Türkiye kebap ülkesi
Türkiye’nin binlerce lezzetli yemekleri var. Sayısız restoran bu alanda hizmet veriyor. Kebabın ana vatanı Türkiye, onlarca lezzeti bularak sofraları süsleyen bir ülke. 150 bine yakın restoran var, 100 binlerce eşsiz ürünümüz var, bunlar da turizme hizmet ediyor. Ramazan Bingöl, “Eşi benzeri olmayan lezzetlerimizi nasıl pazarlayabiliriz, bunu düşünmemiz lazım” diyor ve sözlerine ekliyor:
“Türkiye bir kebap ülkesi. Asla ve asla vazgeçilmez bir yiyeceğimiz. Kebabı bulan millet biziz. Dürümü, bazlamayı, yufkayı, kurutu, yoğurdu, ayranı, bulguru, pastırmayı bulan biziz. Talep özellikle doğal ve organik ürünlerde. Fransa’da çok iyi üzümler var ama sarma yapmayı bilmiyorlar. Ama Tokat yaprağından bir sarma yaptığında akılları gidiyor. Peynirlerimizi ön plana çıkardıkça turistler görüyor. ‘Türklerin şu peynirleri çok güzel’ diyorlar. Anadolu’nun pek bilinmeyen lezzetlerini her gün çıkardıkça ilgi ve alaka da çoğalıyor.”

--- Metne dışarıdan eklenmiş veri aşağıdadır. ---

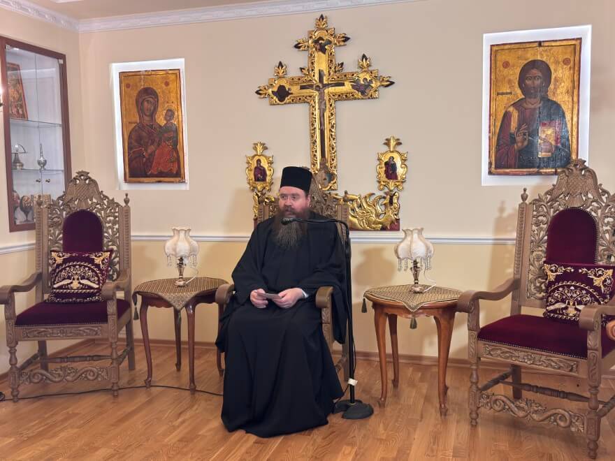 Το πρόγραμμα ξεκίνησε με Δέηση στο Καθολικό για την αρχή του κατηχητικού έτους. Ακολούθησε η ομιλία του Καθηγουμένου π. Νικάνορος με θέμα: «Η ζήλια στον γάμο». Ο ομιλητής έκλεισε τον λόγο του ενθαρρυντικά λέγοντας: «Με τον αγώνα μας και το φως του Χριστού η ζήλια μας μπορεί να μεταμορφωθεί σε πνευματική ωρίμανση και εμπιστοσύνη».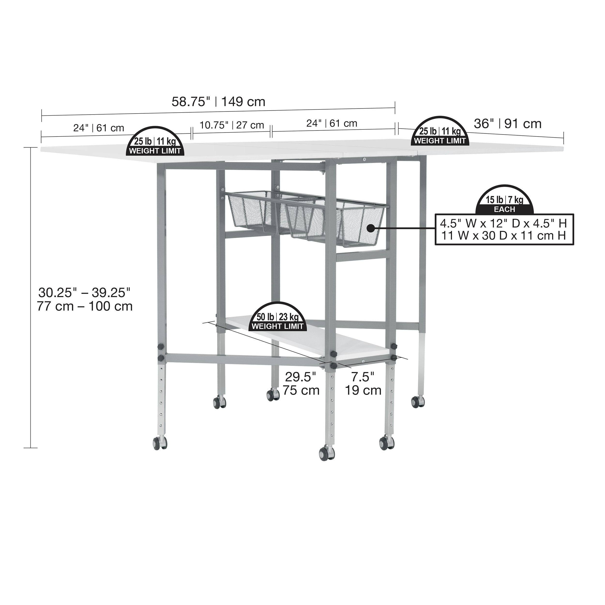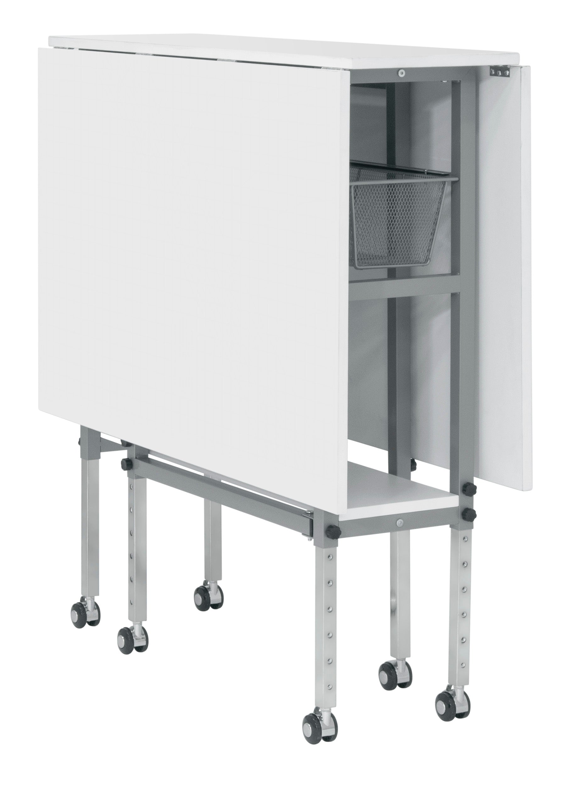 The versatility of the Sew Ready Hobby and Cutting Table by Studio Designs makes it perfect for cutting fabric, crafts or art projects or as an extra workspace. This sturdy table is made from steel and medium-density fibreboard (MDF) and is very easy to assemble. When fully extended it offers a work surface that is 60" X 36" making it ideal to spread-out, cut or adjust fabric and paper. It folds easily and has casters for quick storage when not in use.
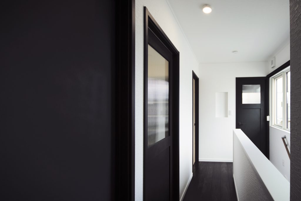 K様のこだわりで各部屋のドアは1つ1つ違うデザインのドアに仕上げました。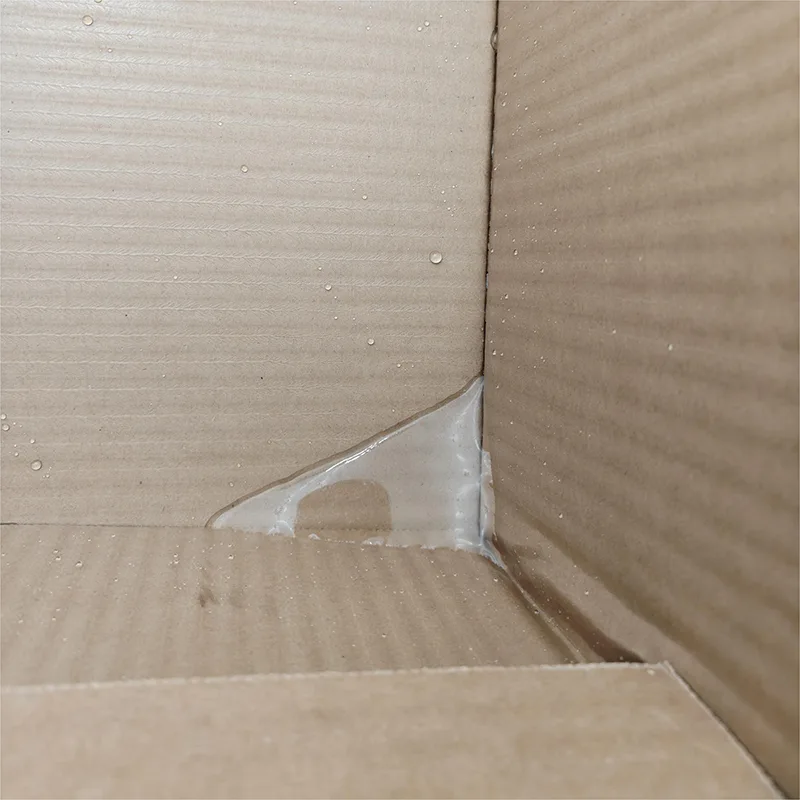 Flytande produkter (som dricksvatten på flaska, fruktjuice, såser) eller dagliga kemiska produkter som är benägna att bli fuktiga (som tvättmedel, diskmedel, våtservetter) kan uppleva läckage, spill under lagring och transport, eller kan försämras eller skada förpackningen på grund av fuktiga miljöer. Vattentåliga korrugerade lådor kan motstå vätskeerosion, minska förluster orsakade av läckor och bibehålla ett rent utseende på förpackningen.

“81 ilin tamamı gastronomi şehri olabilir”
Yemek yemek insanlar için ihtiyacın dışında aynı zamanda bir sosyalleşme alanı. Ramazan Bingöl, pandemi döneminde bu sosyalleşme alanından uzak kalındığını ifade ediyor. Şimdilerde ise pandemi öncesi döneme yaklaştıklarını, restoranların vatandaşlar tarafından ziyaret edildiğini söylüyor.
Bingöl, Türkiye’nin gastronomi turizminde yıllık 20 milyar dolarlık potansiyeline işaret ediyor. En iyi ürünlerin Türkiye’de olduğunu bir kez daha vurgulayan Bingöl, 81 ilin de gastronomi şehri olabileceğini şu sözlerle açıklıyor:
“Türkiye’nin gastronomi turizmi iyi bir planlamayla yıllık 20 milyar dolara çıkabilir. Aynı zamanda insanların Anadolu’da ürettiği ürünleri katma değerli satmasıyla köyden göç de bu sayede azalacaktır. Cevizli sucuğu, manda kaymağını, pestili, peyniri gibi binlerce ürünü insanlar turistlere satabilirse büyük bir gastronomi turizmi başarısı yakalarız. 81 ilin birer gastronomi şehri olması işten bile değil. Bu ürün var bizde.”